AI Model Performance
The AI models were tested on their ability to complete the tasks accurately and efficiently. Claude 3.5 Haiku emerged as the top performer, solving 877 tasks with an accuracy rate of 78.7%. GPT-4o-mini followed closely, solving 862 tasks with a 77.3% success rate. Qwen 2.5 and Mistral trailed behind, solving 764 and 474 tasks, respectively.
"Claude 3.5 Haiku narrowly outperformed GPT-4o-mini, both in accuracy and in dollar earnings," the researchers noted. However, none of the models matched the estimated 95% success rate of human software engineers.
SWE-Lancer Benchmark
The study was partly inspired by OpenAI's SWE-Lancer benchmark, which accumulated over $1 million worth of software tasks. The PeopleTec researchers aimed to create a more universal benchmark by evaluating the AI models on a broader range of tasks.
In the OpenAI benchmark, the AI models struggled with more complex problems. For instance, Claude 3.5 Sonnet earned only $208,050 on the SWE-Lancer Diamond set, resolving just 26.2% of issues. This highlights the current limitations of AI in handling high-difficulty coding tasks.
AI Assisting Freelancers
While AI models are not yet capable of replacing freelance coders, they are increasingly being used to assist with tasks. David Noever, chief scientist at PeopleTec, noted that AI models are already helping with generating job requirements, answering queries, and scoring responses.

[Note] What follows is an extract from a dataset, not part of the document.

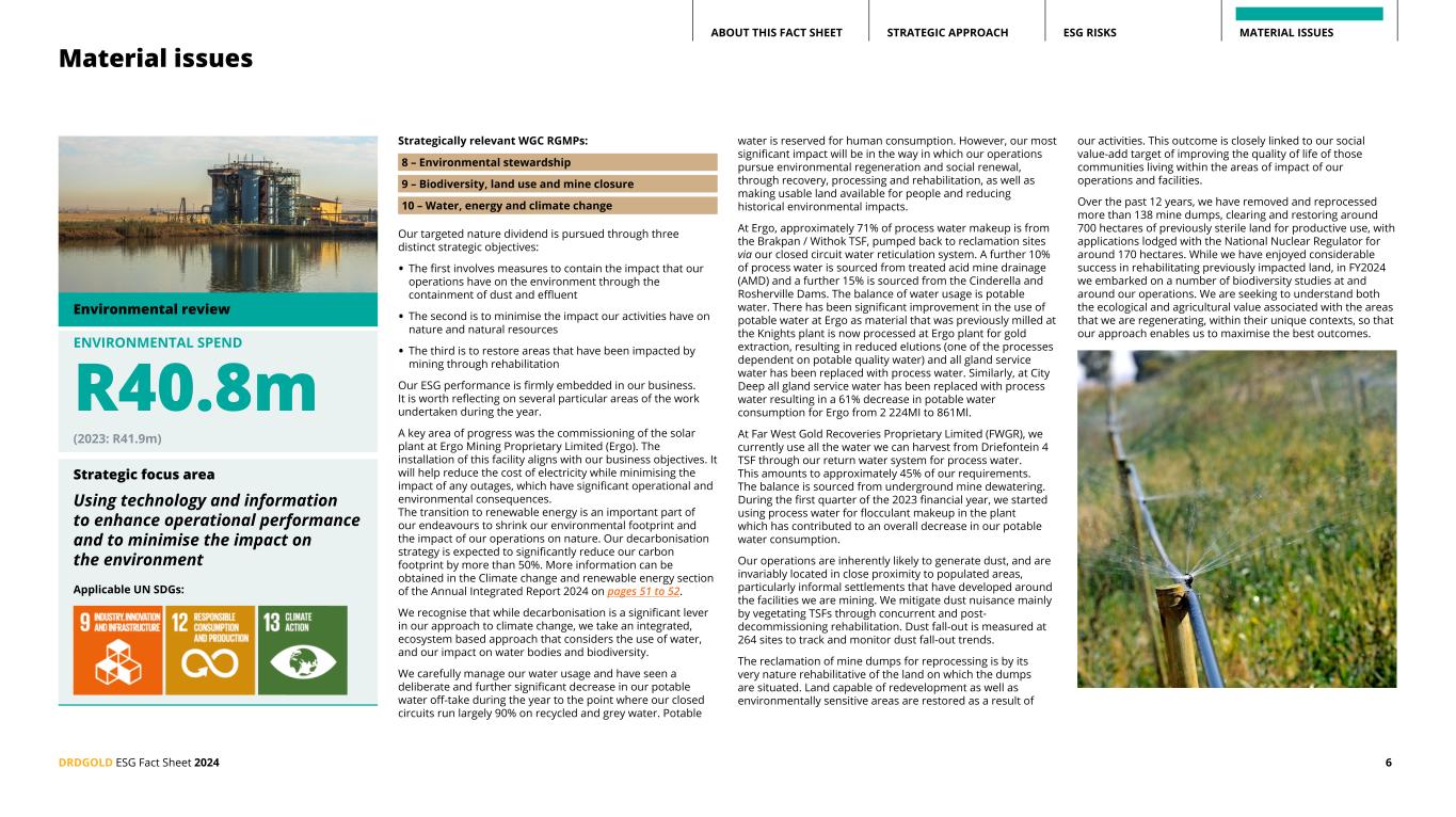 Environmental review ENVIRONMENTAL SPEND R40.8m (2023: R41.9m) Strategic focus area Using technology and information to enhance operational performance and to minimise the impact on the environment Applicable UN SDGs: Strategically relevant WGC RGMPs: 8 – Environmental stewardship 9 – Biodiversity, land use and mine closure 10 – Water, energy and climate change Our targeted nature dividend is pursued through three distinct strategic objectives: • The first involves measures to contain the impact that our operations have on the environment through the containment of dust and effluent • The second is to minimise the impact our activities have on nature and natural resources • The third is to restore areas that have been impacted by mining through rehabilitation Our ESG performance is firmly embedded in our business. It is worth reflecting on several particular areas of the work undertaken during the year. A key area of progress was the commissioning of the solar plant at Ergo Mining Proprietary Limited (Ergo). The installation of this facility aligns with our business objectives. It will help reduce the cost of electricity while minimising the impact of any outages, which have significant operational and environmental consequences. The transition to renewable energy is an important part of our endeavours to shrink our environmental footprint and the impact of our operations on nature. Our decarbonisation strategy is expected to significantly reduce our carbon footprint by more than 50%. More information can be obtained in the Climate change and renewable energy section of the Annual Integrated Report 2024 on pages 51 to 52. We recognise that while decarbonisation is a significant lever in our approach to climate change, we take an integrated, ecosystem based approach that considers the use of water, and our impact on water bodies and biodiversity. We carefully manage our water usage and have seen a deliberate and further significant decrease in our potable water off-take during the year to the point where our closed circuits run largely 90% on recycled and grey water. Potable water is reserved for human consumption. However, our most significant impact will be in the way in which our operations pursue environmental regeneration and social renewal, through recovery, processing and rehabilitation, as well as making usable land available for people and reducing historical environmental impacts. At Ergo, approximately 71% of process water makeup is from the Brakpan / Withok TSF, pumped back to reclamation sites via our closed circuit water reticulation system. A further 10% of process water is sourced from treated acid mine drainage (AMD) and a further 15% is sourced from the Cinderella and Rosherville Dams. The balance of water usage is potable water. There has been significant improvement in the use of potable water at Ergo as material that was previously milled at the Knights plant is now processed at Ergo plant for gold extraction, resulting in reduced elutions (one of the processes dependent on potable quality water) and all gland service water has been replaced with process water. Similarly, at City Deep all gland service water has been replaced with process water resulting in a 61% decrease in potable water consumption for Ergo from 2 224MI to 861Ml. At Far West Gold Recoveries Proprietary Limited (FWGR), we currently use all the water we can harvest from Driefontein 4 TSF through our return water system for process water. This amounts to approximately 45% of our requirements. The balance is sourced from underground mine dewatering. During the first quarter of the 2023 financial year, we started using process water for flocculant makeup in the plant which has contributed to an overall decrease in our potable water consumption. Our operations are inherently likely to generate dust, and are invariably located in close proximity to populated areas, particularly informal settlements that have developed around the facilities we are mining. We mitigate dust nuisance mainly by vegetating TSFs through concurrent and post- decommissioning rehabilitation. Dust fall-out is measured at 264 sites to track and monitor dust fall-out trends. The reclamation of mine dumps for reprocessing is by its very nature rehabilitative of the land on which the dumps are situated. Land capable of redevelopment as well as environmentally sensitive areas are restored as a result of our activities. This outcome is closely linked to our social value-add target of improving the quality of life of those communities living within the areas of impact of our operations and facilities. Over the past 12 years, we have removed and reprocessed more than 138 mine dumps, clearing and restoring around 700 hectares of previously sterile land for productive use, with applications lodged with the National Nuclear Regulator for around 170 hectares. While we have enjoyed considerable success in rehabilitating previously impacted land, in FY2024 we embarked on a number of biodiversity studies at and around our operations. We are seeking to understand both the ecological and agricultural value associated with the areas that we are regenerating, within their unique contexts, so that our approach enables us to maximise the best outcomes. ABOUT THIS FACT SHEET STRATEGIC APPROACH ESG RISKS MATERIAL ISSUES Material issues DRDGOLD ESG Fact Sheet 2024 6

"AI models are being integrated into the freelance workflow, from generating requirements to evaluating solutions," Noever said. He predicts that full automation of these tasks may be achievable within months, though human oversight will remain essential.
Open Source Model Limitations
The study also revealed that open source AI models, such as Qwen 2.5 and Mistral, tend to underperform compared to commercial models like Claude and GPT-4o-mini. This disparity is particularly noticeable at parameter sizes of 30 billion or more, suggesting that advanced infrastructure may be required to optimize AI performance.
Despite these limitations, the findings underscore the potential of AI in the coding industry. As AI models continue to improve, they could significantly transform the freelance coding landscape, offering both opportunities and challenges for human coders.